According to Bendall, multigenerational is prevalent in South Africa with StatsSA’s General Household Survey (May 2024) classifying 39.2% of households as double generational – with parents and children living together, and almost 14% having three generations in one home. “With many households having to tighten their belts to make it through the month, it makes better financial sense to share household and bond costs by having more than one generation living together,” he adds. 

Multigenerational living has many benefits, including an established support system if there are young children, a sense of purpose for older parents who are included in childcare, and financial stability by combining incomes. However, it does have its challenges, cautions Bendall. “It’s important to make sure there are clear boundaries so that privacy and independence are not impinged.
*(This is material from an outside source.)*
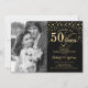 Convite Surpreenda 50º Aniversário com Foto Preto e Dourad

Larger properties that allow for a communal area as well as private space for the respective parties to enjoy time alone work best for this type of living arrangement.”

FNB reports that Gauteng followed by the Western Cape are the top two provinces for collective buying according to data for the last six months. Many of these collective buyers in the Western Cape will likely be more affluent buyers investing in a secondary or holiday home with family or friends, says Bendall. Who also says, “So while we are seeing a large number of buyers at the lower end of the market making ends meet by pooling resources, we are also seeing more buyers in the R1.5 to R2 million price range partnering with friends or family to buy a second home – often as a holiday option. BetterBond’s data shows a 20% increase in bonds granted in this price range.”
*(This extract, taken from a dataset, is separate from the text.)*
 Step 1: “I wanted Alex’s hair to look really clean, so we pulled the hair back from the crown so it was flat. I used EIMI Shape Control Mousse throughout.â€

While buying as a group sounds appealing, be sure to have a clear understanding of who owes what before you buy property as a collective. Some considerations include transparency about all parties’ finances. “All parties must be able to qualify for a bond on their income if the collective arrangement falls through,” advises Bendall. Also, the credit scores of all parties will be affected if one of the group defaults on their financial commitments. The bond will be registered in the names of all the owners, and this will also be reflected on the property’s title deed. 

Collective buyers should ensure that any agreement to buy as a group is formalised in writing. It’s therefore advisable to have a lawyer draft a co-ownership agreement to protect all those involved, says Bendall.